I wouldn't want to swap out whole applications since this would require storage access in the interrupt context (although it would be just fine for simple task switching), but there's no reason that indirectly accessed extended RAM can't be paged out to disk. RAM allocated from the extended pool is never directly addressed by applications anyway, so if it's not around when the application requests a piece of it, we can just pull it in from disk.

[flashjazzcat]

Crikey... nice surprise. Was just going to set up a second Pokey interrupt to test scheduling when I discovered I'd already set one up (at 50Hz) with quite a long dummy delay in it. Turning this off speeded up rendering yet further, and the fact is the scheduler won't usually be doing that much work when most processes are in a "not ready" state.

[fibrewire]

Hopefully progress is smooth for the rom conversion process. I know Ive hit a rough spot when dishes/lawn/garage are welcome breaks from doing real work, so your perseverance in this project is greatly appreciated.

[Kyle22]

Hi Jon,

 

I don't know if this is any help, but back in the day, I remember having a little proggie that would context switch with a key combination. I forget the name of it, and the key combo, but I do remember it poked GTIA in the process of the switch, so I could hear a short buzz while it switched. I found it quite useful. Switch between a WP and DaisyDot, for example. Hopefully, you or someone else knows the name of that prog. It almost works like Windows Alt-Tab.

 

Hope this may help you in some way.

 

-K

[flashjazzcat]

Hopefully progress is smooth for the rom conversion process. I know Ive hit a rough spot when dishes/lawn/garage are welcome breaks from doing real work, so your perseverance in this project is greatly appreciated.

 

Shouldn't take as long as the initial estimate, and it's going OK so far. I've actually been subject to yet another distraction in the form of the multitasking kernel I've started writing. It'll actually be useful to get this working at this stage: it'll remove the need to code up any cart jump tables because the kernel facilitates inter-process messaging using the 6502 BRK instruction. I've got the scheduler interrupt running in the test build already and the core kernel's about half done, pending testing and debugging. The trickiest bit is probably the message queue, which is a linked list to allow only those messages dispatched to a particular addressee to be pulled out of it. This approach appears to follow the SymbOS model but I'm waiting for Prodatron to confirm this.
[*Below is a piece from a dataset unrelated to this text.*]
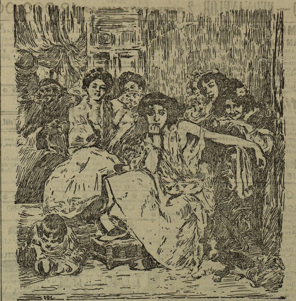
LA ESCLAVA, cuadro de Gonzalo Bilbao

In any case, the kernel is one of the more fascinating parts of the project.

 

Hi Jon,

 

I don't know if this is any help, but back in the day, I remember having a little proggie that would context switch with a key combination. I forget the name of it, and the key combo, but I do remember it poked GTIA in the process of the switch, so I could hear a short buzz while it switched. I found it quite useful. Switch between a WP and DaisyDot, for example. Hopefully, you or someone else knows the name of that prog. It almost works like Windows Alt-Tab.

 

Hope this may help you in some way.

 

-K

 

Yes Kyle I know of it, and it may even have been mentioned earlier in this thread. Thanks though. I imagine the context switching overheads in that utility were pretty large, since it would have to handle all the hardware registers, the entirety of page zero, the whole stack, all of main RAM, etc. Fortunately the GUI only has to swap out a tiny bit of page zero and any section of the segmented stack which is currently cached.

 

The thorny issue of binary relocation format still weighs on my mind...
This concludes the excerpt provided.